Each of the entries below is to be written out exactly, and the images skipped.
Segment Start: Data provided
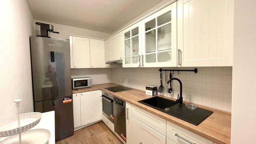 The apartment offers a quiet courtyard location on the 1st floor, an elevator, and a spacious balcony. It is fully furnished and features a modern fitted kitchen in country-house style (2019) with branded Bauknecht appliances. The bathroom was modernized in 2019, and high-quality vinyl flooring in wood-look was installed during the renovation. A washing machine is included. An optional underground parking space can be purchased for €15,000 with low-barrier access via the elevator. A basement storage unit and a pleasant homeowners' association complete the offering. The apartment has excellent public transport connections.
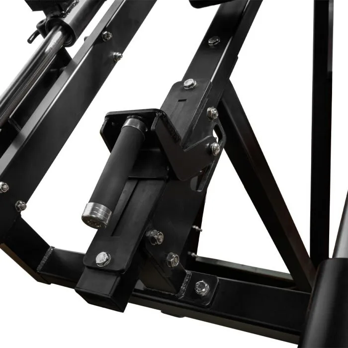 Stabilní konstrukce nabízí 4 nakládací trny a díky tomu je uživatel schopen rychle a snadno naložit požadovanou váhu i do velmi vysoké hmotnosti. Leg press má nosnost až 500 Kg. Další 4 trny slouží k odkládání kotoučů.
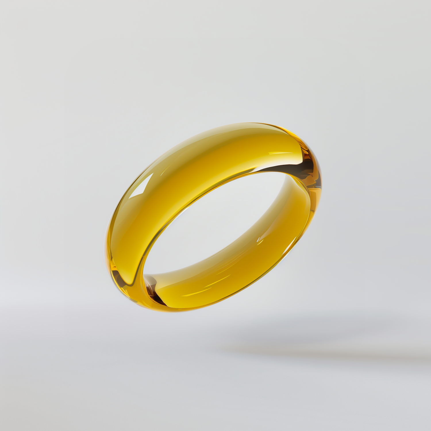 A glossy golden ring floating against a light gray background, showcasing elegance and luxury with its smooth, reflective surface.
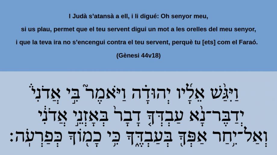 Gènesi 44v18 I Judà s’atansà a ell, i li digué: Oh senyor meu, si us plau, permet que el teu servent digui un mot a les orelles del meu senyor, i que la teva ira no s’encengui contra el teu servent, perquè tu [ets] com el Faraó.   § וַיִּגַּ֨שׁ אֵלָ֜יו יְהוּדָ֗הֿ וַיֹּאֿמֶר֘ בִּ֣י אֲדֹֿנִי֒ יְדַֿבֶּר־נָ֨א עַבְֿדְּךָֿ֤ דָֿבָֿר֙ בְּאָזְנֵ֣י אֲדֹֿנִ֔י וְאַל־יִ֥חַר אַפְּךָֿ֖ בְּעַבְֿדֶּ֑ךָֿ כִּ֥י כָֿמ֖וֹךָֿ כְּפַֿרְעֹֽהֿ׃   (Gn 44v18)   §
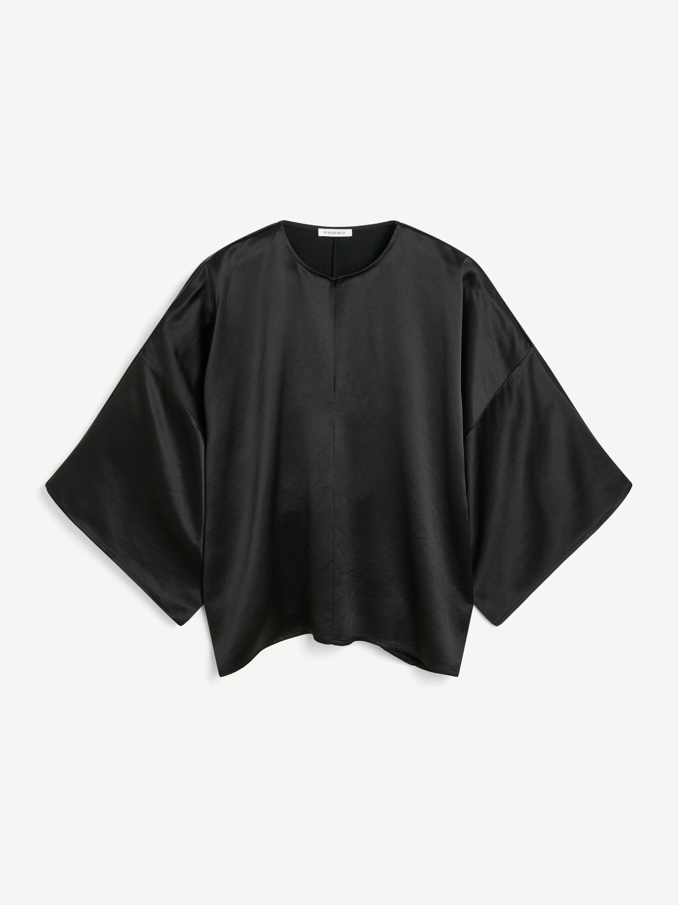 Sophistication and ease define the Cicie blouse. Made to add elegance to work- and eveningwear alike, the satin design has dropped shoulders, wide cropped sleeves, and a deep neckline that can be closed with a discreet clasp. - Oversized fit - Model is 178 cm and is wearing a size 36 - Dropped shoulders - Wide sleeves - Low neckline - Clasp closure - Eastman Naia™ is a cellulosic fibre produced from responsibly sourced wood pulp. It is quick drying, biodegradable, supremely soft and comfortable to wear DETAILS COLOUR Black COMPOSITION 76% acetate, 24% polyester CARE Delicate machine wash at 30°c PRODUCT CODE Style #102500050
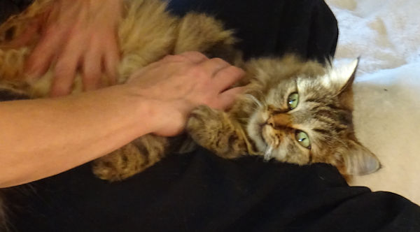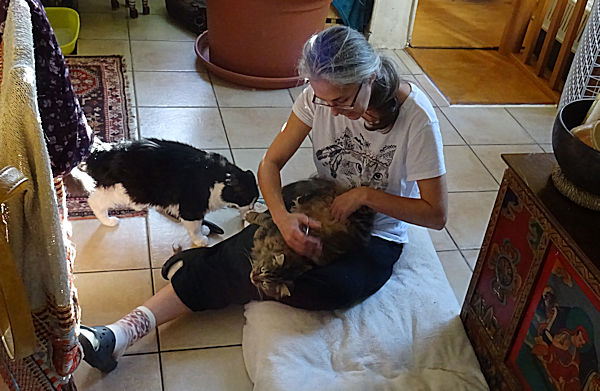 La petite Lili est totalement sous le charme d’Anti – qui est encore la seule à pouvoir la caresser et même lui administrer des médicaments. Hier, la ravissante chatounette a accepté de se laisser toiletter avec force ronrons : coiffure, coupe des touffes de poils emmêlés, caresses détente, elle a eu droit à tout.
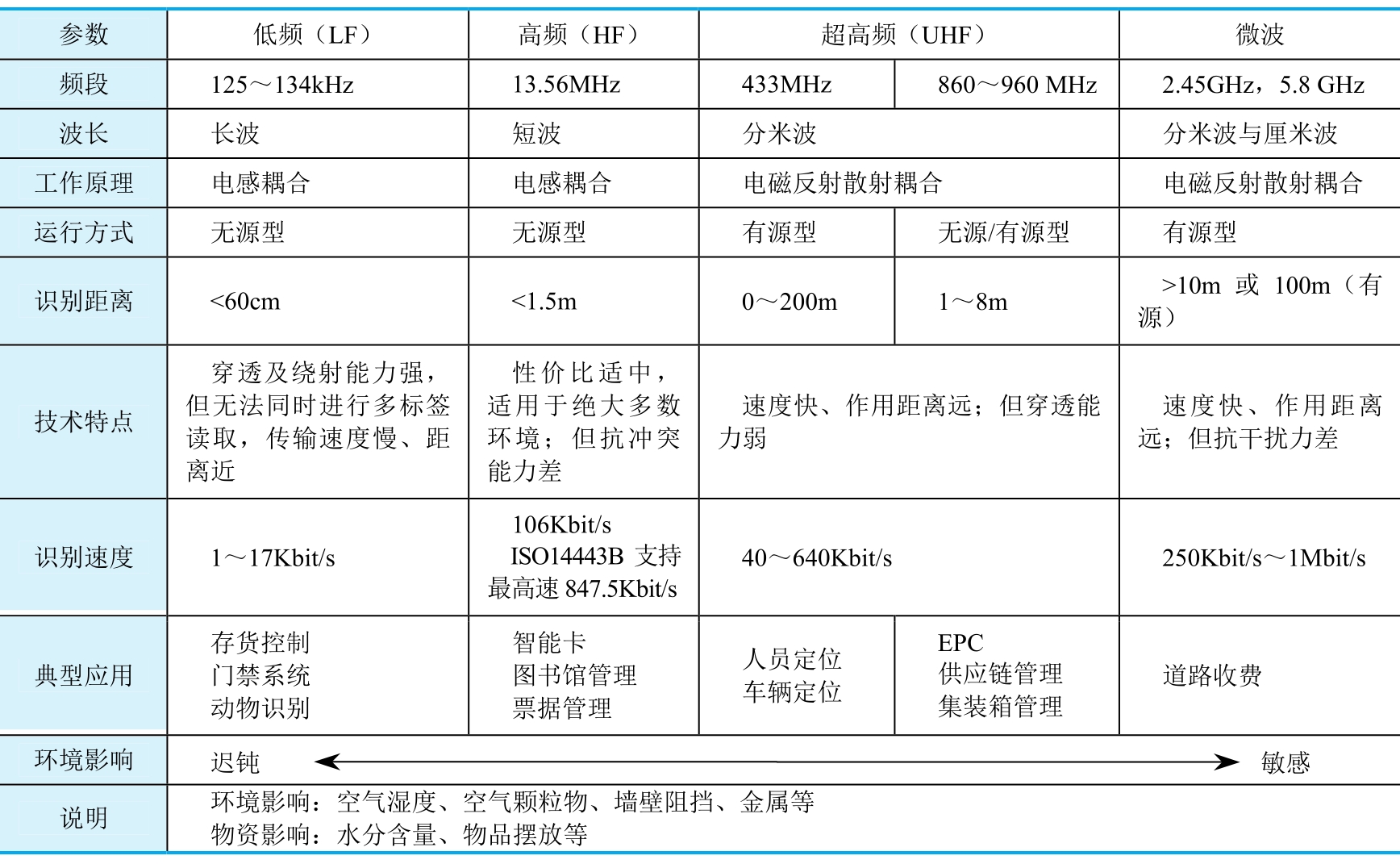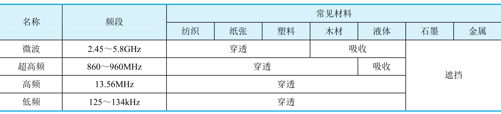 RFID各频段的技术参数及常见材料穿透能力如表2-18和表2-19所示。
Segment End: Data provided
* Task output
 The apartment offers a quiet courtyard location on the 1st floor, an elevator, and a spacious balcony. It is fully furnished and features a modern fitted kitchen in country-house style (2019) with branded Bauknecht appliances. The bathroom was modernized in 2019, and high-quality vinyl flooring in wood-look was installed during the renovation. A washing machine is included. An optional underground parking space can be purchased for €15,000 with low-barrier access via the elevator. A basement storage unit and a pleasant homeowners' association complete the offering. The apartment has excellent public transport connections.
 Stabilní konstrukce nabízí 4 nakládací trny a díky tomu je uživatel schopen rychle a snadno naložit požadovanou váhu i do velmi vysoké hmotnosti. Leg press má nosnost až 500 Kg. Další 4 trny slouží k odkládání kotoučů.
 A glossy golden ring floating against a light gray background, showcasing elegance and luxury with its smooth, reflective surface.
 Gènesi 44v18 I Judà s’atansà a ell, i li digué: Oh senyor meu, si us plau, permet que el teu servent digui un mot a les orelles del meu senyor, i que la teva ira no s’encengui contra el teu servent, perquè tu [ets] com el Faraó.   § וַיִּגַּ֨שׁ אֵלָ֜יו יְהוּדָ֗הֿ וַיֹּאֿמֶר֘ בִּ֣י אֲדֹֿנִי֒ יְדַֿבֶּר־נָ֨א עַבְֿדְּךָֿ֤ דָֿבָֿר֙ בְּאָזְנֵ֣י אֲדֹֿנִ֔י וְאַל־יִ֥חַר אַפְּךָֿ֖ בְּעַבְֿדֶּ֑ךָֿ כִּ֥י כָֿמ֖וֹךָֿ כְּפַֿרְעֹֽהֿ׃   (Gn 44v18)   §
 Sophistication and ease define the Cicie blouse. Made to add elegance to work- and eveningwear alike, the satin design has dropped shoulders, wide cropped sleeves, and a deep neckline that can be closed with a discreet clasp. - Oversized fit - Model is 178 cm and is wearing a size 36 - Dropped shoulders - Wide sleeves - Low neckline - Clasp closure - Eastman Naia™ is a cellulosic fibre produced from responsibly sourced wood pulp. It is quick drying, biodegradable, supremely soft and comfortable to wear DETAILS COLOUR Black COMPOSITION 76% acetate, 24% polyester CARE Delicate machine wash at 30°c PRODUCT CODE Style #102500050
 La petite Lili est totalement sous le charme d’Anti – qui est encore la seule à pouvoir la caresser et même lui administrer des médicaments. Hier, la ravissante chatounette a accepté de se laisser toiletter avec force ronrons : coiffure, coupe des touffes de poils emmêlés, caresses détente, elle a eu droit à tout.
 RFID各频段的技术参数及常见材料穿透能力如表2-18和表2-19所示。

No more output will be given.